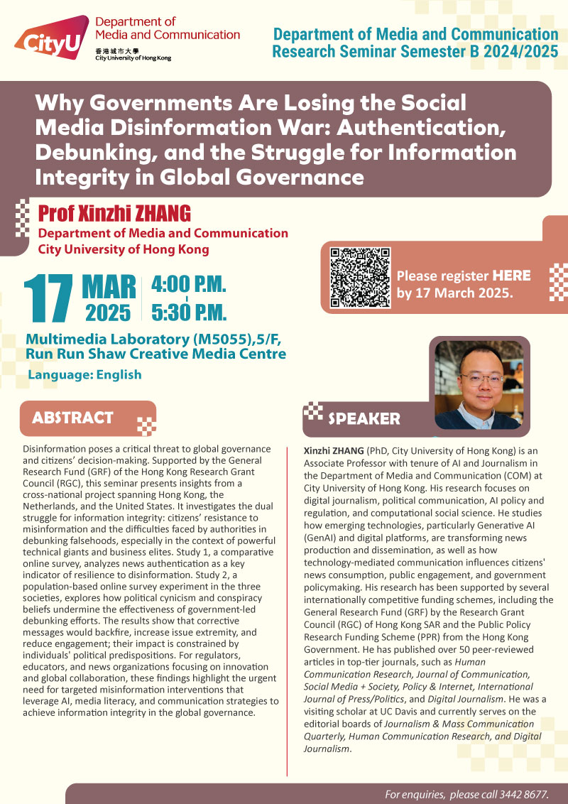 COM Research Seminar: Why Governments Are Losing the Social Media Disinformation War: Authentication, Debunking, and the Struggle for Information Integrity in Global Governance
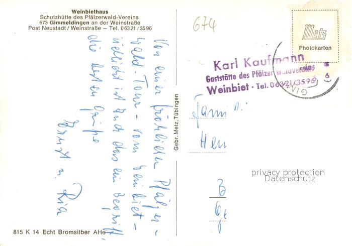 73871474 alte Postkarte Gimmeldingen Weinbiethaus Sendeturm Bergwetterstation Gastraum Terrasse postalisch gelaufen Erhaltung siehe scans [WerneD78] KatCode: 11110007316000
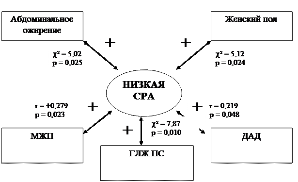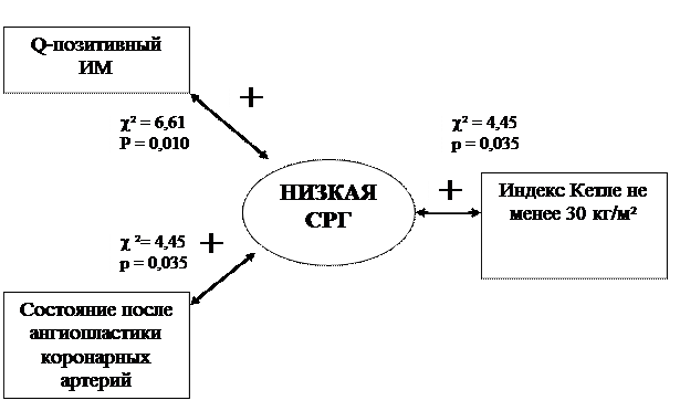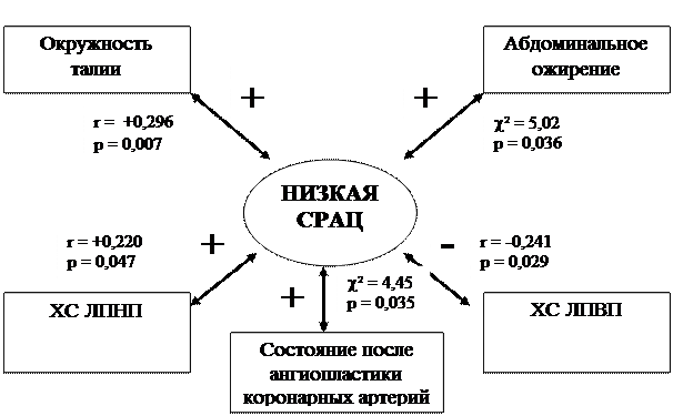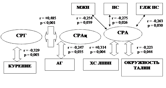 - Из совокупности конвенционных факторов риска (мужской пол, возраст, курение, ожирение, липидные нарушения, артериальная гипертензия), а также клинических характеристик (анамнестических, антропометрических, эхокардиографических) выделить кластер показателей, наиболее значимо связанных с низкой сосудистой реактивностью у пациентов с коронарным атеросклерозом и ишемической болезнью сердца.
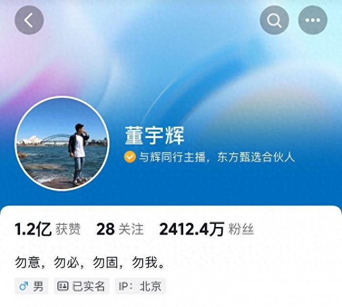 1月20日,董宇辉抖音账号认证资料显示,董宇辉账号认证已变更为“与辉同行主播、东方甄选合伙人”。据了解,东方甄选旗下主播董宇辉的抖音新账号“与辉同行”于1月9日首播,俞敏洪现身直播间透露称,目前“与辉同行”团队成员已有接近70人。
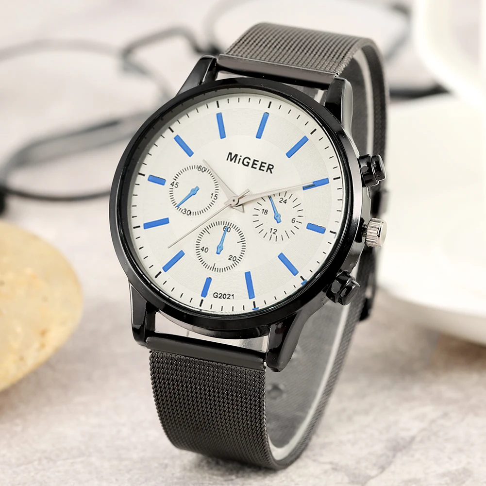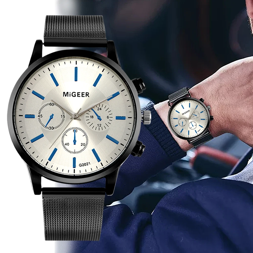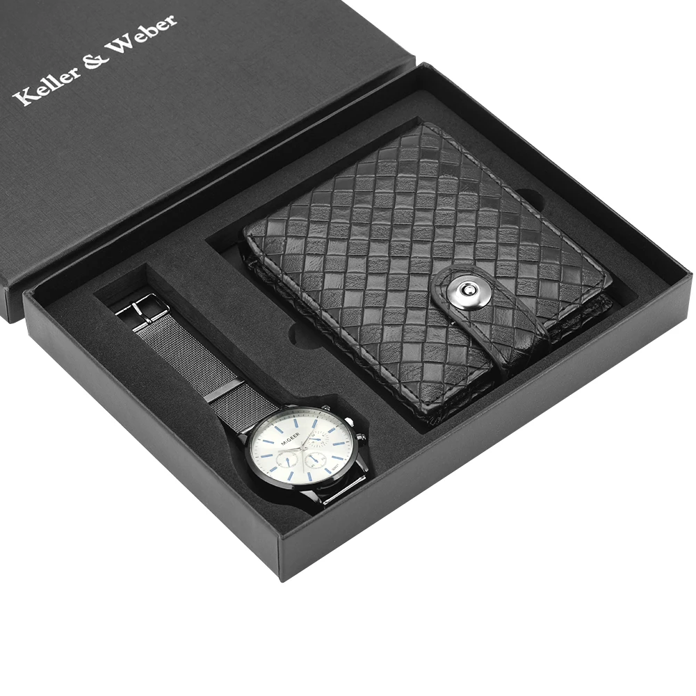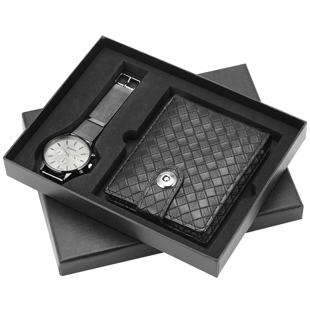 Набор мужских часов, кварцевый Циферблат, сетчатый ремешок с классической пряжкой, кожаный кошелек, чехол для карт, Подарочная коробка, подарок для отца, мужа
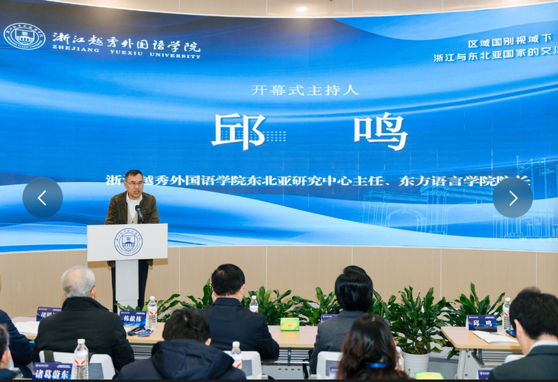 2025年12月13日,由浙江越秀外国语学院主办、我校东北亚研究中心与东方语言学院承办的“区域国别视域下的浙江与东北亚国家的交流合作”研讨会在稽山校区成功举办。本次研讨会汇聚了来自北京语言大学、中国社科院美国研究所、苏州大学、浙江大学、复旦大学、辽宁大学、中国政法大学、吉林省社会科学院、大连民族大学等多所知名高校与机构的专家,共同深入探讨区域国别视域下浙江与东北亚国家的交流合作。 在大会开幕式上,浙江越秀外国语学院魏小琳常务副校长与教育部国别和区域研究工作秘书处主任罗林教授分别致开幕辞。开幕式由浙江越秀外国语学院东北亚研究中心主任、东方语言学院院长邱鸣教授主持。
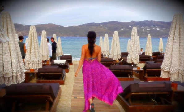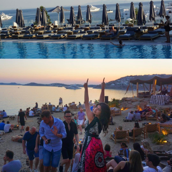 Sharing this picture, she wrote, "Scorpios Mykonos reminds me of Goa. Feel at home here!!! When you're staying at the @myconiancollectionhotels Myconian Ambassador it's an easy and gorgeous walk to get to @scorpiosmyk which is my favorite place for sunset in Mykonos. The Myconian Ambassador is the best location to stay at in my opinion, close to everything if you like to be in the center of it all, choose this one!"
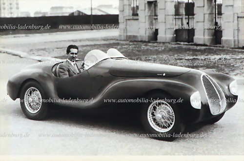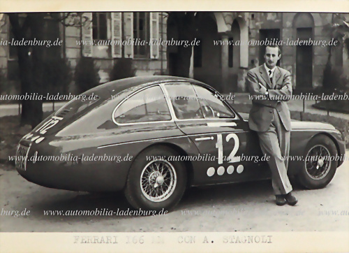 original s/w Aufnahme, Antonio Stagnoli mit seinem Ferrari 166 MM Zagato 'Panoramica' Berlinetta (#0018M), Coppa Inter Europa Monza 1950, 10,5x14,5cm
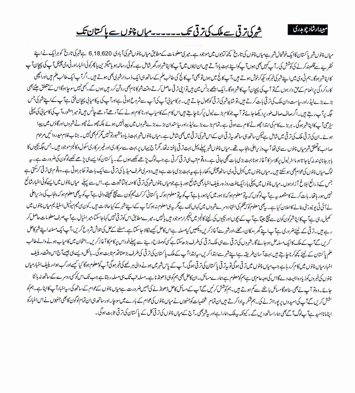 Shehar ki Taraki sy Mulk ka Taraki tak
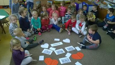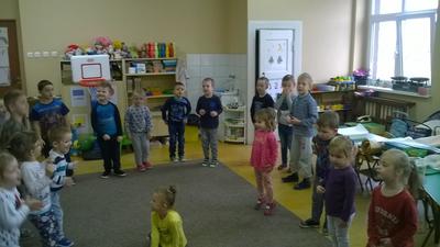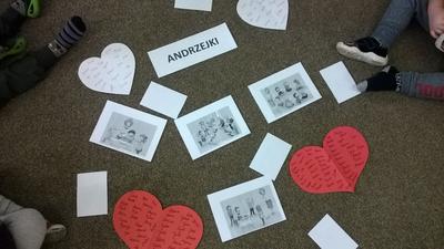 Przedszkolacy również poznali tradycje i zabawy andrzejkowe. Najpierw rozwiązywali zagadki, słuchali opowiadania a potem już tylko zabawa. Był rzut paputkiem do tyłu, żeby sprawdzić ,kto pierwszy wyjdzie za mąż. Przekłuwali serce, układali patyczki. Nie zabrakło zabaw tanecznych i poczęstunku od pani Bogusi.
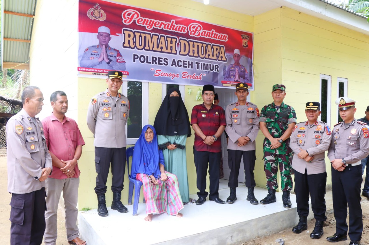 Penyerahan rumah layak huni dilakukan langsung oleh Kapolres Aceh Timur Polda Aceh AKBP Mahmun Hari Sandy Sinurat, S.I.K. disaksikan sejumlah pejabat utama polres, Muspika Kecamatan Idi Tunong dan perangkat desa serta tokoh masyarakat Desa Alue Lhok.
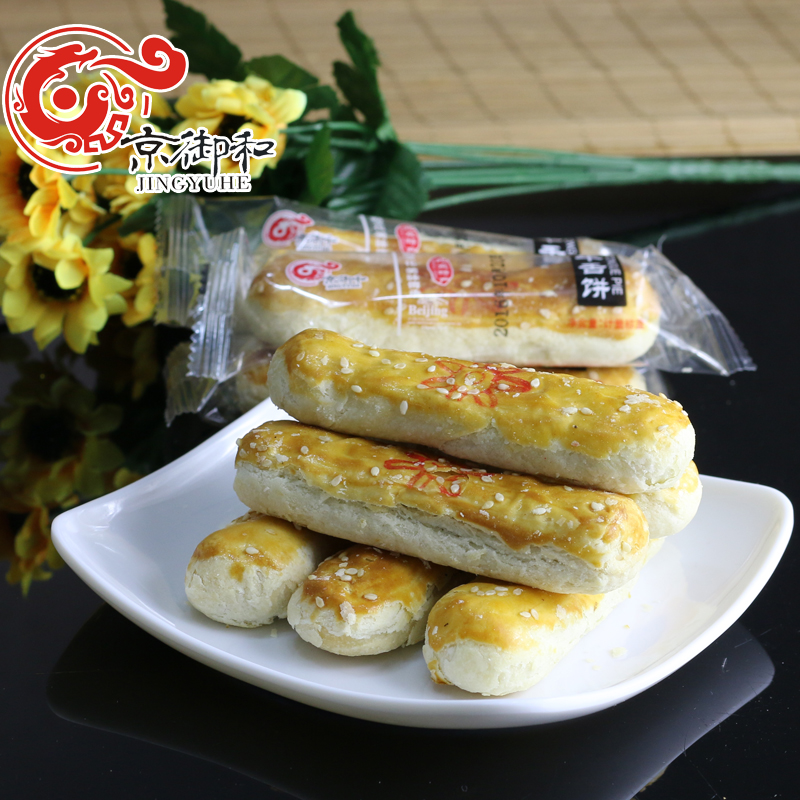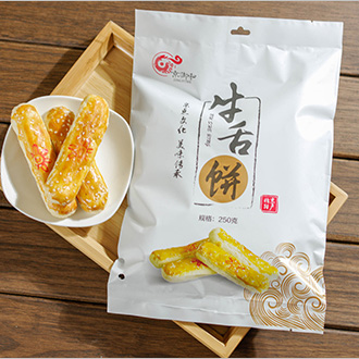 牛舌饼,因形如牛舌而得名,是北京小吃中一种常见的烤制类品种。表面为金黄色,长条形,长短齐整一致,馅内有花椒粉、糖、盐等,口感酥松棉软,馅芯细腻油润,具有五香味道。甜咸可口。

__What is being asked__: Would you copy out every entry above word for word, without the pictures?

__Problem solution__:
 COM Research Seminar: Why Governments Are Losing the Social Media Disinformation War: Authentication, Debunking, and the Struggle for Information Integrity in Global Governance
 73871474 alte Postkarte Gimmeldingen Weinbiethaus Sendeturm Bergwetterstation Gastraum Terrasse postalisch gelaufen Erhaltung siehe scans [WerneD78] KatCode: 11110007316000
 - Из совокупности конвенционных факторов риска (мужской пол, возраст, курение, ожирение, липидные нарушения, артериальная гипертензия), а также клинических характеристик (анамнестических, антропометрических, эхокардиографических) выделить кластер показателей, наиболее значимо связанных с низкой сосудистой реактивностью у пациентов с коронарным атеросклерозом и ишемической болезнью сердца.
 1月20日,董宇辉抖音账号认证资料显示,董宇辉账号认证已变更为“与辉同行主播、东方甄选合伙人”。据了解,东方甄选旗下主播董宇辉的抖音新账号“与辉同行”于1月9日首播,俞敏洪现身直播间透露称,目前“与辉同行”团队成员已有接近70人。
 Набор мужских часов, кварцевый Циферблат, сетчатый ремешок с классической пряжкой, кожаный кошелек, чехол для карт, Подарочная коробка, подарок для отца, мужа
 2025年12月13日,由浙江越秀外国语学院主办、我校东北亚研究中心与东方语言学院承办的“区域国别视域下的浙江与东北亚国家的交流合作”研讨会在稽山校区成功举办。本次研讨会汇聚了来自北京语言大学、中国社科院美国研究所、苏州大学、浙江大学、复旦大学、辽宁大学、中国政法大学、吉林省社会科学院、大连民族大学等多所知名高校与机构的专家,共同深入探讨区域国别视域下浙江与东北亚国家的交流合作。 在大会开幕式上,浙江越秀外国语学院魏小琳常务副校长与教育部国别和区域研究工作秘书处主任罗林教授分别致开幕辞。开幕式由浙江越秀外国语学院东北亚研究中心主任、东方语言学院院长邱鸣教授主持。
 Sharing this picture, she wrote, "Scorpios Mykonos reminds me of Goa. Feel at home here!!! When you're staying at the @myconiancollectionhotels Myconian Ambassador it's an easy and gorgeous walk to get to @scorpiosmyk which is my favorite place for sunset in Mykonos. The Myconian Ambassador is the best location to stay at in my opinion, close to everything if you like to be in the center of it all, choose this one!"
 original s/w Aufnahme, Antonio Stagnoli mit seinem Ferrari 166 MM Zagato 'Panoramica' Berlinetta (#0018M), Coppa Inter Europa Monza 1950, 10,5x14,5cm
 Shehar ki Taraki sy Mulk ka Taraki tak
 Przedszkolacy również poznali tradycje i zabawy andrzejkowe. Najpierw rozwiązywali zagadki, słuchali opowiadania a potem już tylko zabawa. Był rzut paputkiem do tyłu, żeby sprawdzić ,kto pierwszy wyjdzie za mąż. Przekłuwali serce, układali patyczki. Nie zabrakło zabaw tanecznych i poczęstunku od pani Bogusi.
 Penyerahan rumah layak huni dilakukan langsung oleh Kapolres Aceh Timur Polda Aceh AKBP Mahmun Hari Sandy Sinurat, S.I.K. disaksikan sejumlah pejabat utama polres, Muspika Kecamatan Idi Tunong dan perangkat desa serta tokoh masyarakat Desa Alue Lhok.
 牛舌饼,因形如牛舌而得名,是北京小吃中一种常见的烤制类品种。表面为金黄色,长条形,长短齐整一致,馅内有花椒粉、糖、盐等,口感酥松棉软,馅芯细腻油润,具有五香味道。甜咸可口。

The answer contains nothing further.